One of my pleasures in life is reading newspapers.

But on the other side of the table, retired political scientist Natalie Davis defends the paper. She still has the subscription, but she’s worried about what she’ll be missing when it’s gone.

“If everyone could read the article the same way and get the same facts, then there would be a baseline, and perhaps only newspapers would lose it,” says Davis. “That’s the newspaper’s job.”

Chandler McGee, a retired veterinarian, stops by the table and says this paper is his lifeblood.

“I’m 84,” he says. “One of his pleasures in my life is reading newspapers.”

He lives in a retirement community where few residents get their news online, he says.

“I think this means, especially for older people, disconnecting from what’s going on in our city and state,” says McGee.

Alabama Media Group executives say that wasn’t their intention, and that everyone in the three metropolitan areas they serve could access free content online, whether on a computer or a smartphone. I think we should have a way to access it.

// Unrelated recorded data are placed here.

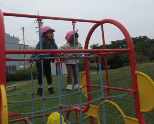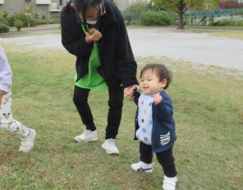 先生とだけでなく、子どもたち同士で手を繋ぎながら公園内をお散歩したり、滑り台のお山を登るのを手伝ってあげたりと自分からお友だちと関わろうとする子どもたちの姿が垣間見え、成長を感じています🤗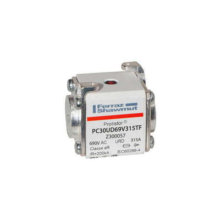 Mersen Z300057, Square Body High-Speed Fuse, Fast Acting, Size 30 aR, 690/700VAC, 315A, With Striker Flush ends metric threads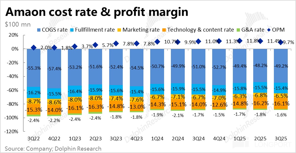 对应的,本季度亚马逊折旧占收入的比重在继续拉高,达到9.3%,后续随着Capex 的进一步增加,折旧的拖累可能更加明显。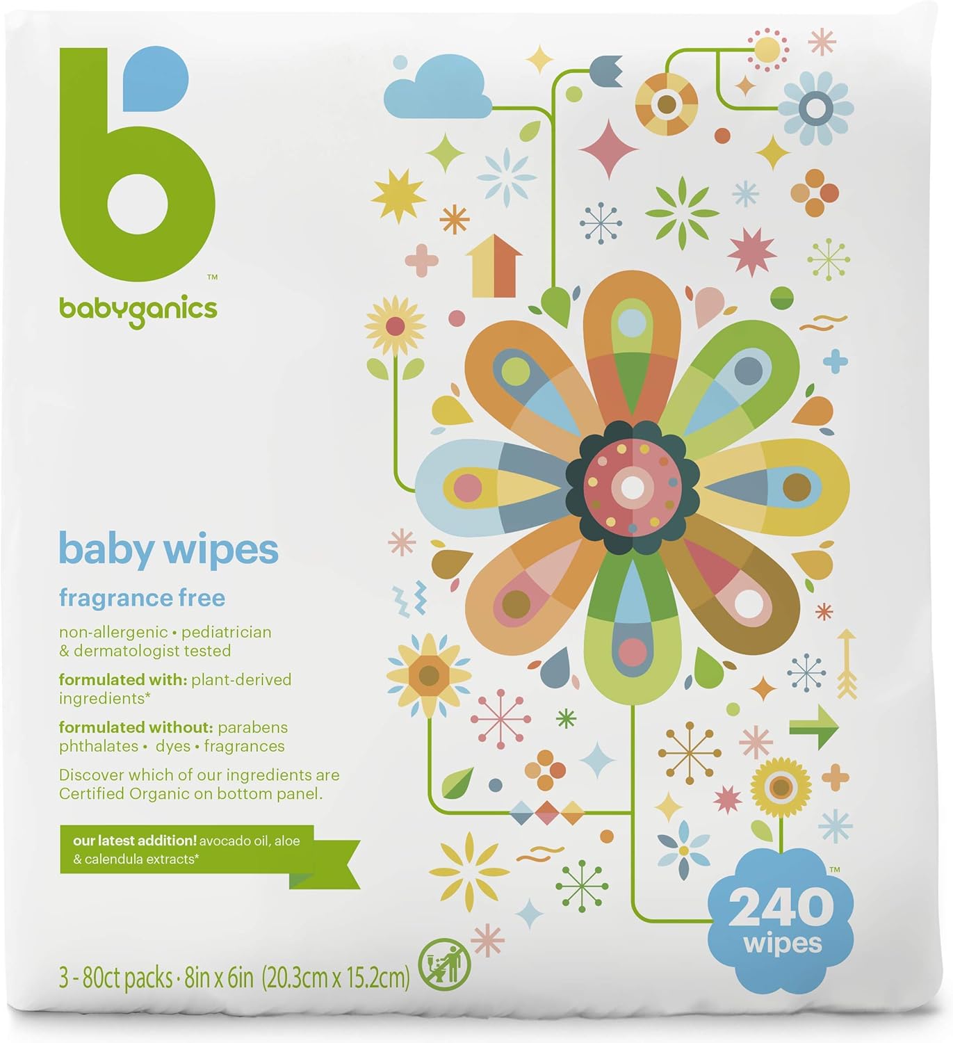 Baby Wipes, Babyganics Unscented Diaper Wipes , 400 Count, (5 Packs of 80), Non-Allergenic and formulated with Plant Derived Ingredients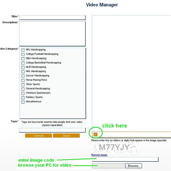 Login to the http://www.SBR.TV using your SBR Forum username and password. Click on "Upload Videos" ... you'll see a screen like the one below. For today, look near the bottom of the page and find the plus sign icon ("+") ... click that and follow the directions that appear.Comment -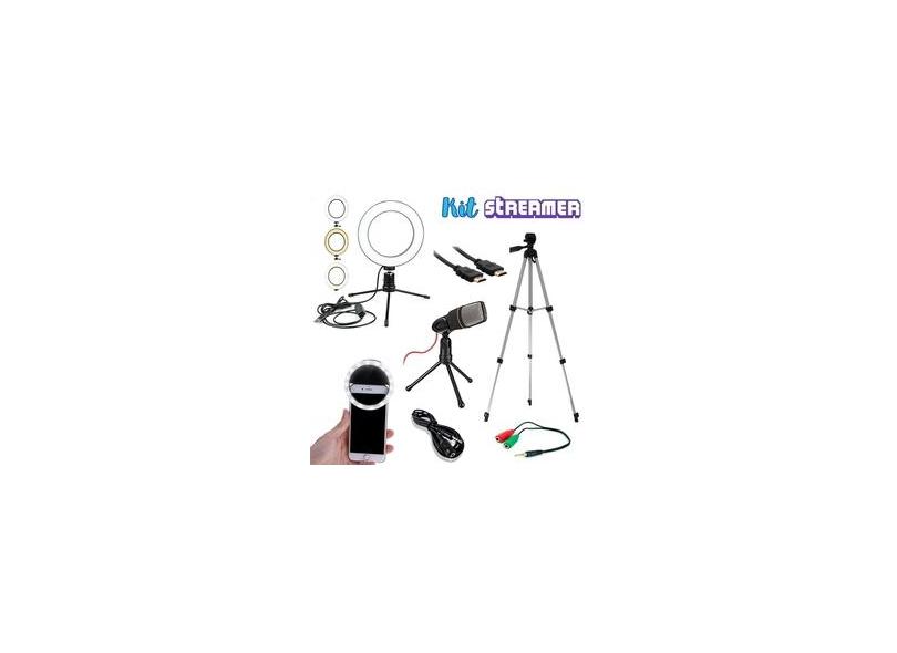 Kit Streamer Youtuber 1 Tripé Microfone Ring Light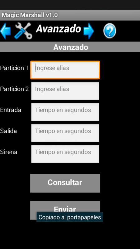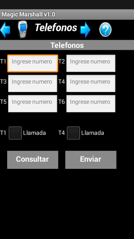 Además en cada pantalla usted dispondrá del botón CONSULTAR, mediante el cual usted podrá conocer la programación que ya tenga la central Marshall GSM.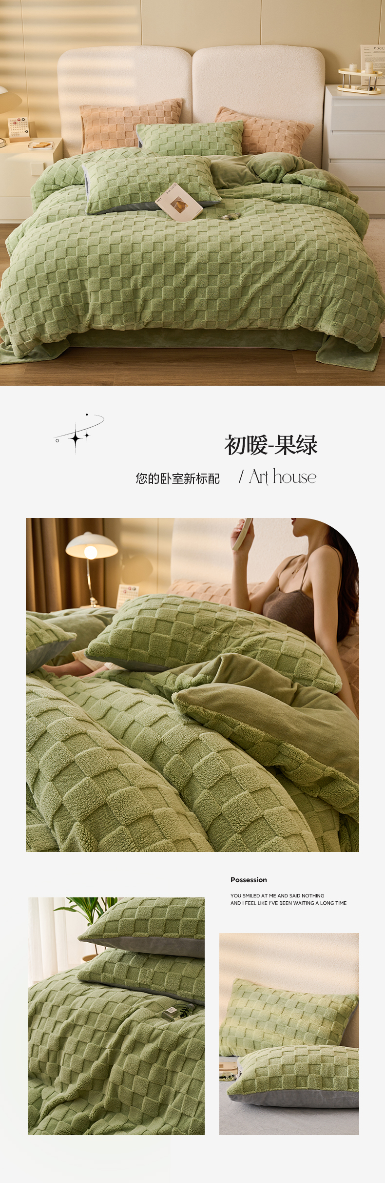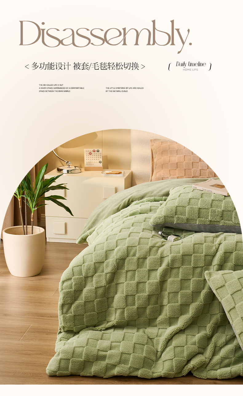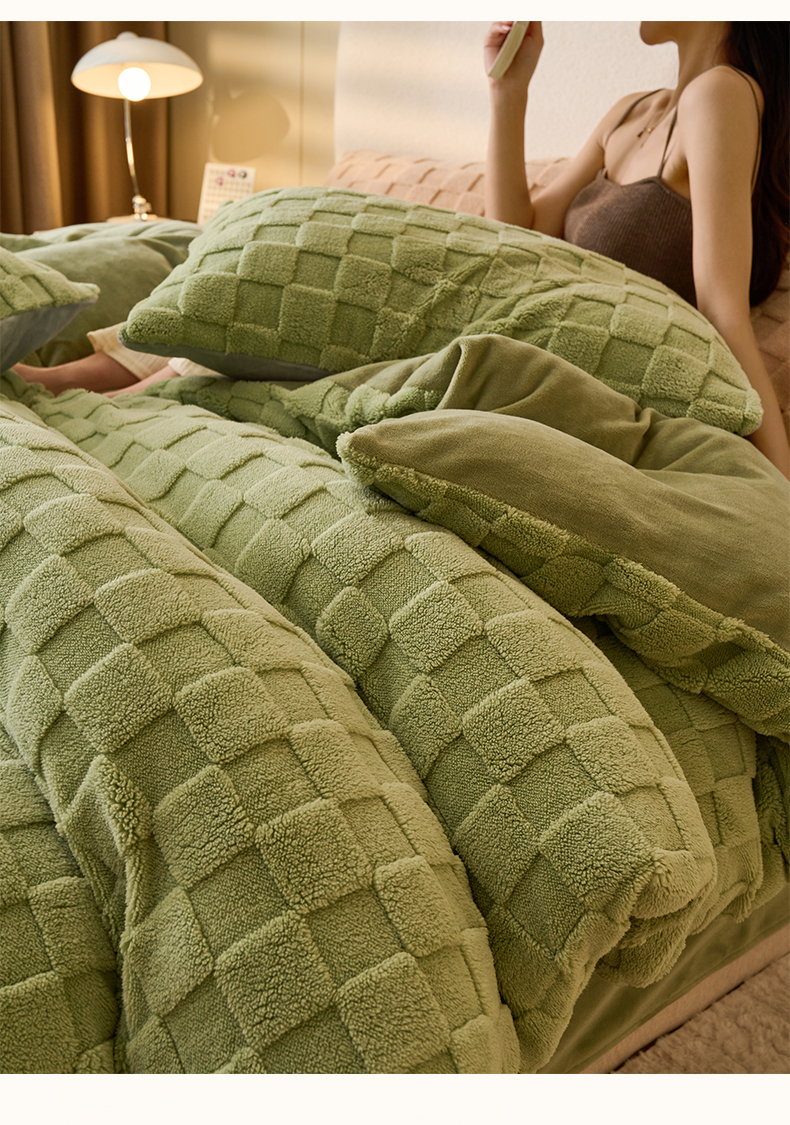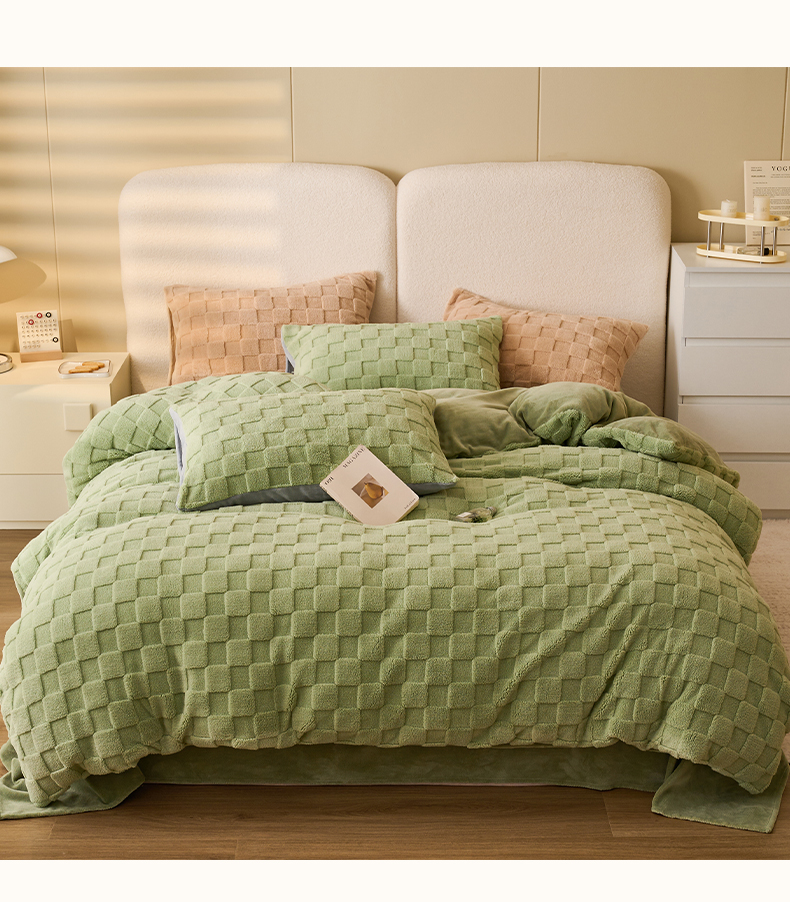 • 91家纺网 家纺一手货源 找家纺 晨曦家纺 2025新款加厚高克重230克塔芙绒牛奶绒单被套-初暖系列 初暖-果绿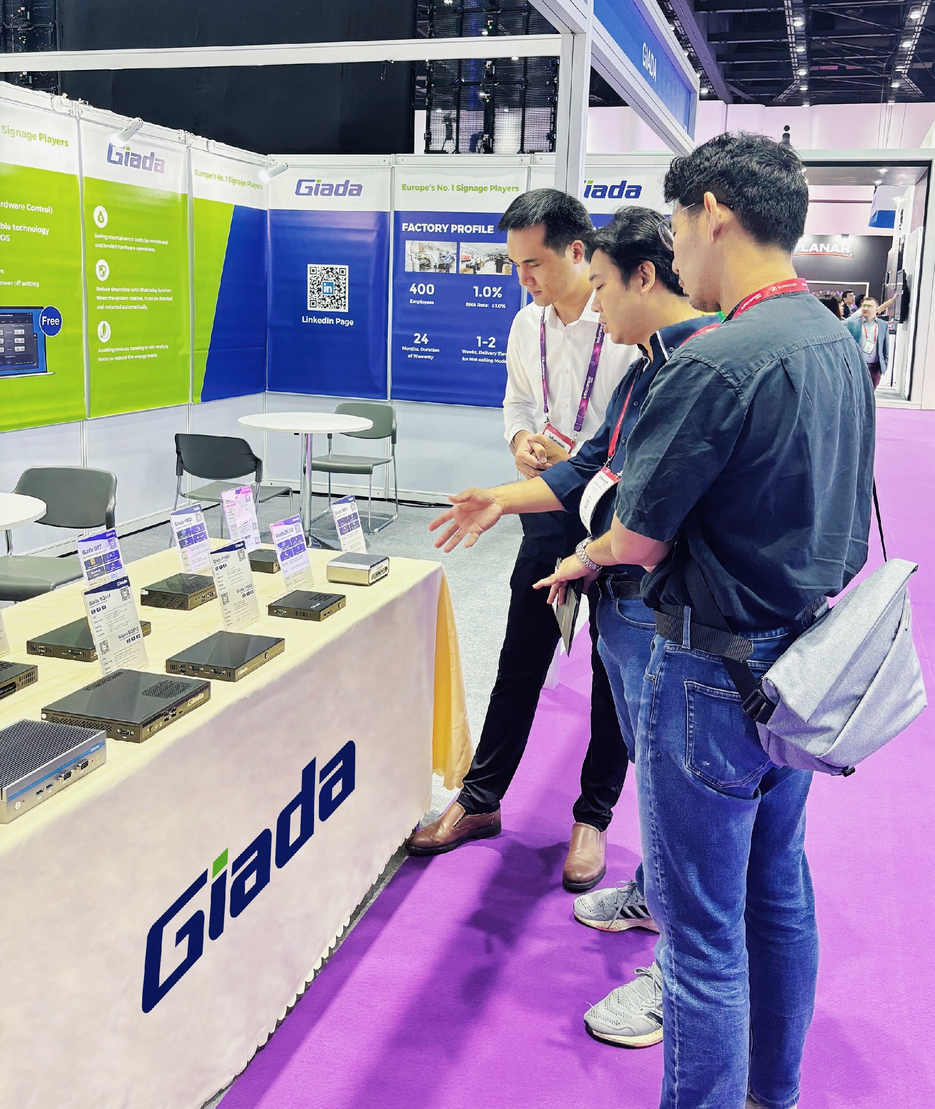 除此之外,Giada凯发官网科技展示一系列数字标牌播放器、户外嵌入式整机、OPS/SDM及嵌入式主板等明星产品,并带来一系列量身定制的解决方案,以满足东南亚地区的具体需求。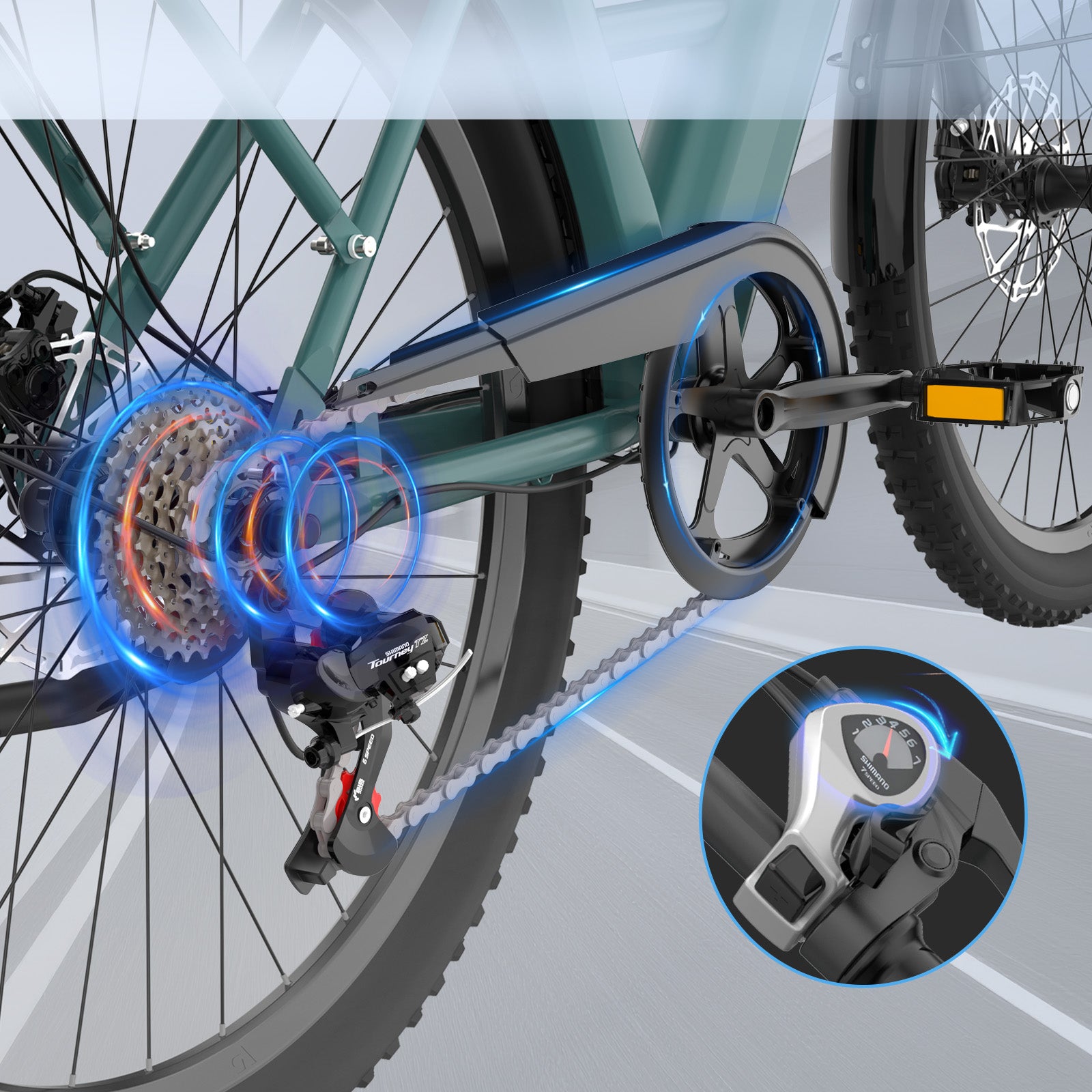 Shimano 7-speed system delivers smooth gear changes for climbing hills, cruising city streets, and everything in between.

AL.com columnist Roy Johnson came to Birmingham in 2015. sports illustrated When new york times, and various national magazines. Some of them are no longer published.

“I’ve really lived a life that represents the evolution of the media industry,” says Johnson.

He says the distribution method may have changed, but the mission remains.

“One day I will have to explain to my grandchildren why I put words on paper, rolled, rolled, loaded into cars and trucks, driven and thrown into people’s driveways. And That’s how they got their news,” he says. “It’s going to be like the Pony Express for us.”

Johnson’s advice to longtime print readers: This is the digital age.